To: tinkershaw who wrote (728)2/20/2004 7:40:31 AM
From: Mike Buckley  Read Replies (1) | Respond to of 2955
 
Tinker,

If all your free cash flow is spent buying back stock to compensate for stock options, then you have $0 free cash flow as it is essentially the cost of employing labor.

For the same reason you wouldn't track earnings without tracking earnings per share, you wouldn't track free cash flow without tracking free cash flow per share. Naturally, you would use diluted shares to fully account for options that are in the money. You could also track options that are not in the money to determine risk of future dilution.

--Mike Buckley



To: tinkershaw who wrote (728)2/20/2004 9:06:08 PM
From: que seria  Read Replies (1) | Respond to of 2955
 
tinkershaw: I decided that about Siebel long ago; now I try to buy companies that have smaller share counts, especially in their float, and that don't constantly soak the shareholders with option dilution not reasonably related to performance. That criterion pairs up well with a liking for shiny pebbles. Although I have to wade through a lot of lies and junk to find potential tech gems among small caps, it's fun and just one or two can make it worthwhile.

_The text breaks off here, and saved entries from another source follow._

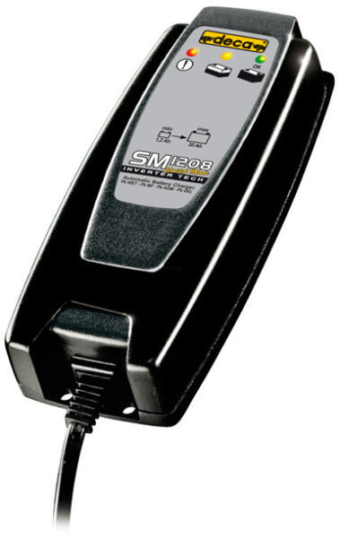 Deca SM 1208 / SM C8 - Hordozható töltő 12V-s ólom-savas akkumulátorok (zártrendszerű, gondozásmentes, klasszikus ólom-savas, zselés, VRLA) töltéséhez (impulzusos töltés). Töltőáram értéke 0.8A . Akkumulátor kapacitása 1.2-35Ah közötti. A töltő használatával meghosszabbíthatja akkumulátora élettartamát. Többlépéses töltés: az akkumulátorok töltése kifinomult, többlépéses programok alkalmazásával történik .
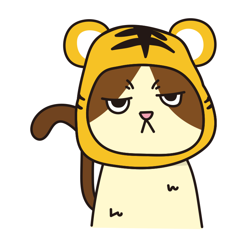 トラのかぶりもので不機嫌な猫(白)
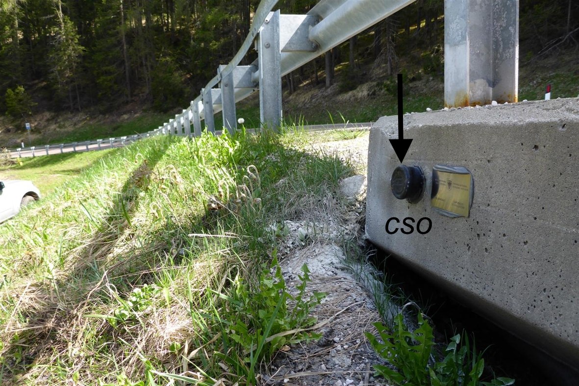 (CSO) - Bullone infisso nel cordolo in cemento armato del guard rail posto a valle e a sinistra in direzione Belluno.
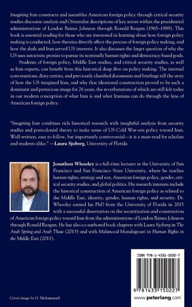 "Jonathon Whooley boldly confronts, with careful and rigorous archival analysis, one of the most important issues of US foreign policy toward the Middle East. He presents a rare and perceptive combination of the construction of American foreign policy toward Iran by deploying the use of specific aspects of foreign policy discourse. By providing a cogent post-structural discourse ontology-deeply rooted in the language of key actors involved-this volume makes a vigorous contribution to critical security studies. «Imagining Iran» is a must-read for anyone concerned about the possibilities of change toward and/or rapprochement with Iran in the region's highly complex and evolving political context." -Mahmood Monshipouri, San Francisco State University, Visiting Professor of the University of California, Berkeley

I prefer to buy companies with the promise or early appearance of a competitive advantage (so they're still low-priced, in the sense of smaller market caps). So I consider companies such as Bookham and smaller, but not Intel, so that size and leverage work for me if I'm right. I bet to win (as opposed to investing to not lose) by reading and speculating about fundamentals that may drive price to the upside in small caps, while heeding charts to protect my downside.

That said, I've found the last few years very tough in tech because I haven't seen much value (i.e., attractively priced risk/reward). I like your posts among many on this thread, but I do miss unclewest's pebble-kicking!